(Task brief):
Every line below from the one containing "1820 USA Large" through the one containing "Die Wohnung befindet" is to be printed exactly, with the pictures omitted.

(Material provided):
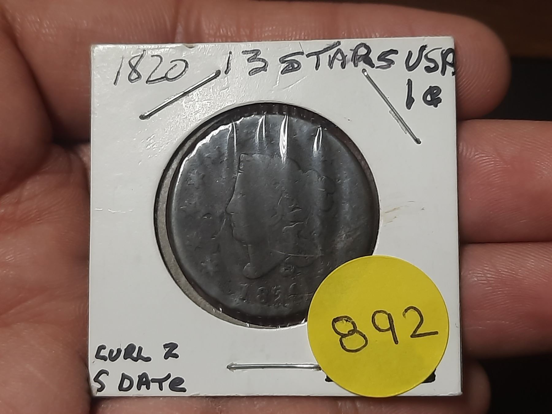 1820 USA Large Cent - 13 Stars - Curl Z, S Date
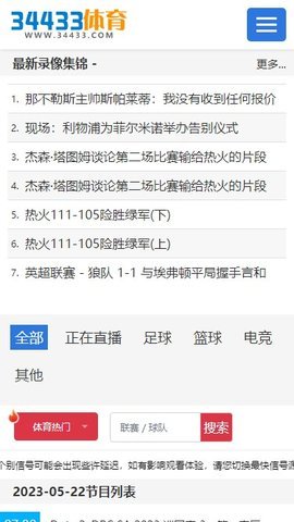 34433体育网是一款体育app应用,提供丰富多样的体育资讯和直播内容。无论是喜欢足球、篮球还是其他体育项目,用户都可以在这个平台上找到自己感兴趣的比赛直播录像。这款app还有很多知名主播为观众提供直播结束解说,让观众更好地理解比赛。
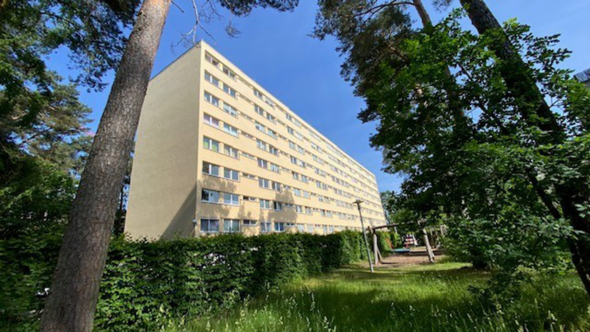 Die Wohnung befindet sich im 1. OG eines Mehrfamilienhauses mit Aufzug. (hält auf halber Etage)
* * *
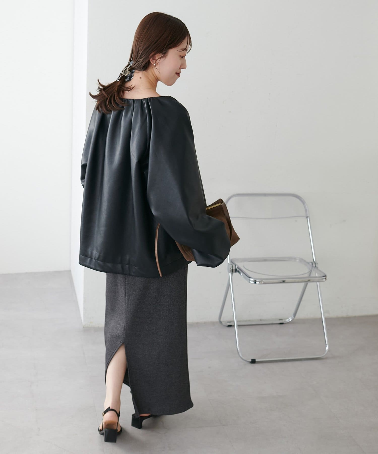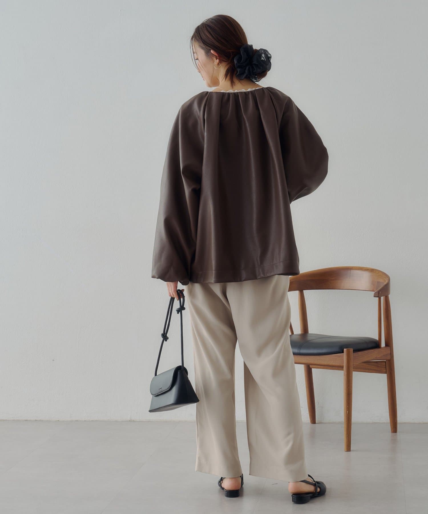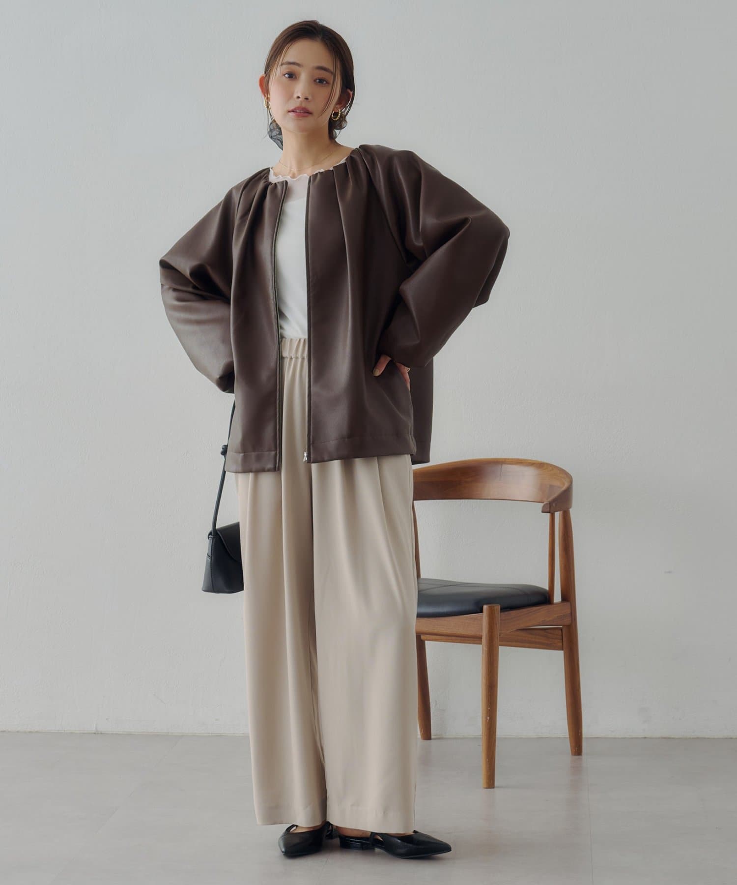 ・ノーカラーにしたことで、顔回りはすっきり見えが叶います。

(Answer space):
 1820 USA Large Cent - 13 Stars - Curl Z, S Date
 34433体育网是一款体育app应用,提供丰富多样的体育资讯和直播内容。无论是喜欢足球、篮球还是其他体育项目,用户都可以在这个平台上找到自己感兴趣的比赛直播录像。这款app还有很多知名主播为观众提供直播结束解说,让观众更好地理解比赛。
 Die Wohnung befindet sich im 1. OG eines Mehrfamilienhauses mit Aufzug. (hält auf halber Etage)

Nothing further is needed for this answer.